Hourly or project rates are determined by you and your client: try looking on a few websites for similar companies in your area, knock a few dollars off for your inexperience, and start reaching out to your network.
Here’s a great piece on starting your own cleaning business.
If you are a quick typist and have a strong grasp on spelling and grammar, you might be a good fit as a transcriptionist, for any number of industries. Even better if you have specialization in an industry that regularly uses transcriptionists, such as law or medicine.
This is a position that lets you set your own hours and, as long as you have self-discipline and can complete the work satisfactorily, has no limit.
Payment can range from by the hour for you to by the audio hour, which means you can pull in anywhere from $10 to $45 an hour.

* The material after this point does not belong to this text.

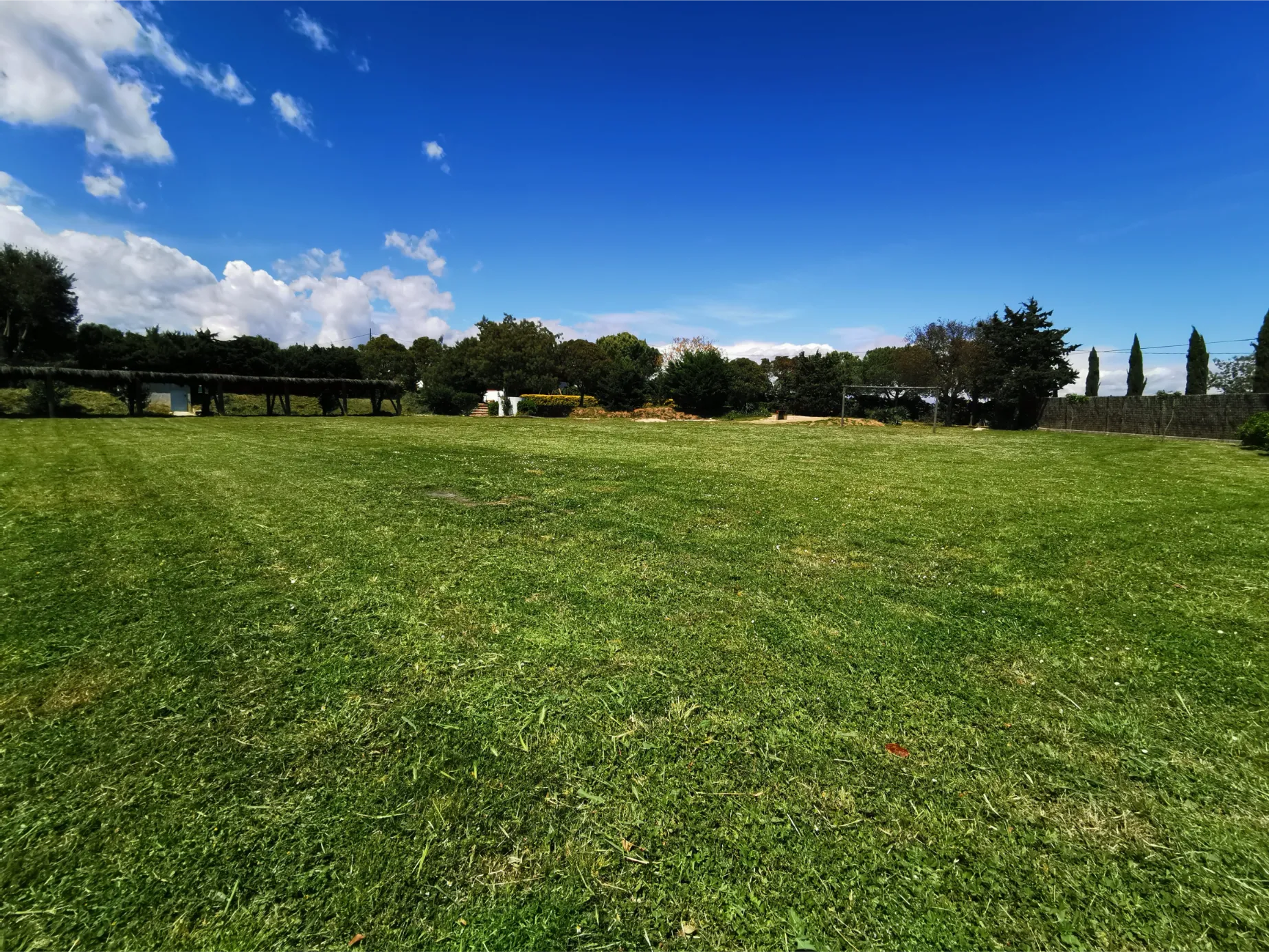 En el jardín hay un gran espacio de piscina, perfecta para refrescarse en un día caluroso. La piscina está rodeada de césped y árboles, lo que la hace un lugar ideal para relajarse y disfrutar del entorno.

Here’s some information on becoming a transcriptionist.
There are so many ways to earn quick cash.
Other great, immediate moneymaking ideas include:
driving for a mobile taxi service like Lyft or Uber
renting out a room on Airbnb (be sure and check with your local community for specific regulations on this)
taking surveys through Survey Junkie
delivering groceries and food through Instacart or Caviar
acting as a personal chef, or
running errands for people through TaskRabbit.
starting a professional proofreading business
Take an hour and brainstorm some ideas — the more unique the better, since the market will be less flooded.
As Tammi discovered, an unexpected layoff can become an unexpected gift, even if it doesn’t seem that way up front.
Staying proactive and bringing money in the door won’t just help you make ends meet. It may spawn an entirely new career, or create a satisfying side hustle.
And a side benefit? By taking charge today, you’ll feel powerful—and people who feel better about themselves tend to be stronger job candidates.